Script to identify markers in tsv files violating hardy-weinberg equilibrium and filter them:

perl determine_HWE_filter_markers.pl ancestry-par1 ancestry-par2 bonferonni_pval_thresh path_to:transpose_nameout.pl

Writes a file named infile_deviating_markers with deviating markers from HWE, and filtered ancestry tsv files: ancestry-par1_HWE.tsv ancestry-par2_HWE.tsv


Script for filtering genotypes file of redundant columns. The number in the command line corresponds to the number of markers that can differ between adjacent columns for the column to be retained:

perl filter_identical_columns_threshold.pl genotypes_file num_markers_differentiation path_to:transpose_nameout.pl

Writes an output file with genotypes_file.identicalfilter.txt. Note: columns that differ by NAs are treated as different from the previous column


Script for grepping a list from a separate file with an option to use grep -w or regular grep

perl grep_list.pl select_list file_to_grep_from outfile_name grep_w_1_or_0


Similar script but automatically retains header line:

perl grep_list_keep_header.pl select_list file_to_grep_from outfile_name grep_w_1_or_0


Alternately, exclude a list from a file:

perl grep_v_list.pl list_to_grep_v focal_file outfile_name grepw_0_1


Takes a list of files, reads all of their entries, and writes out a combined file with duplicate lines removed:

perl combine_lines_remove_duplicates_list.pl list_of_files outfile_name


Filter a genotypes file based on an allowed proportion of missing markers.
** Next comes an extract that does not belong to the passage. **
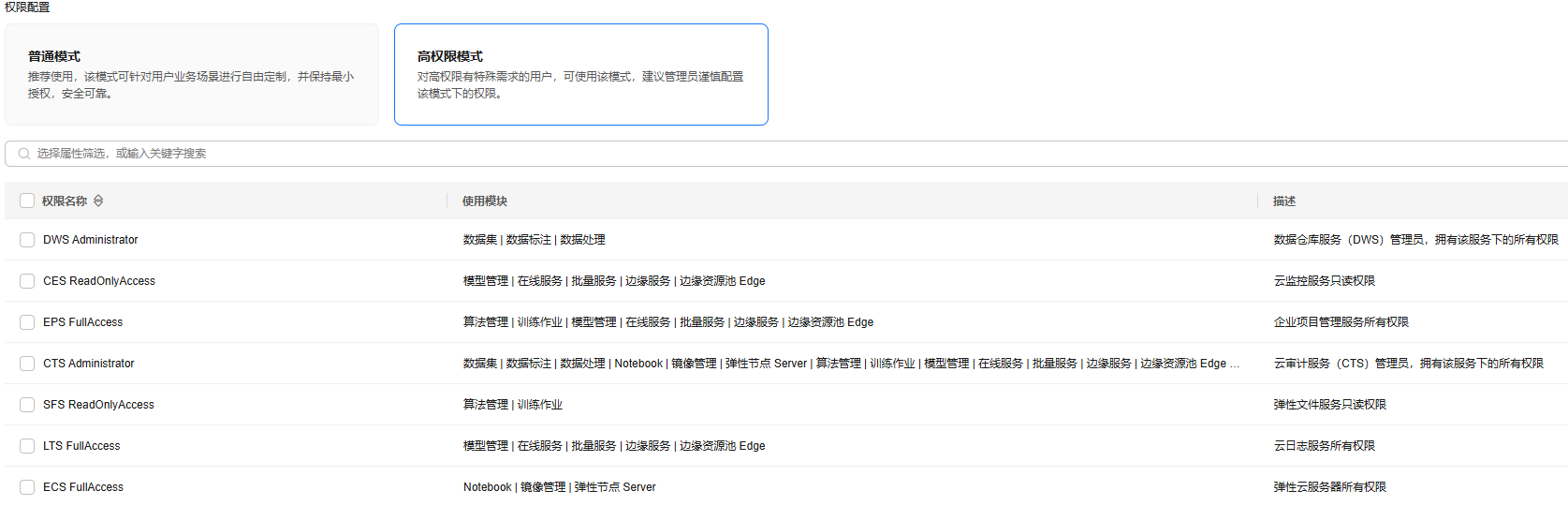普通模式下配置权限,该模式可针对用户业务场景进行自由定制,并保持最小授权,安全可靠。

Depends on the script transpose_nameout.pl which is on Sherlock in /home/groups/schumer/shared_bin/Lab_shared_scripts

perl filter_missing_markers_genotypes_file_thresh_v2.pl infile_genotypes path_to:transpose_nameout.pl prop_missing_allowed

Writes out an outfile named infile_genotypes_filtered_at_thresh


Merge files based shared values in two columns. See FAS scriptome [3] for other merging options based on a single column:

perl merge_files_using_two_columns_sharing_values.pl file1 column1_file1 column2_file1 file2 column1_file2 column2_file2


Subset an MSG genotypes file based on a list of markers. Depends on the script transpose_nameout.pl (on Sherlock /home/groups/schumer/shared_bin)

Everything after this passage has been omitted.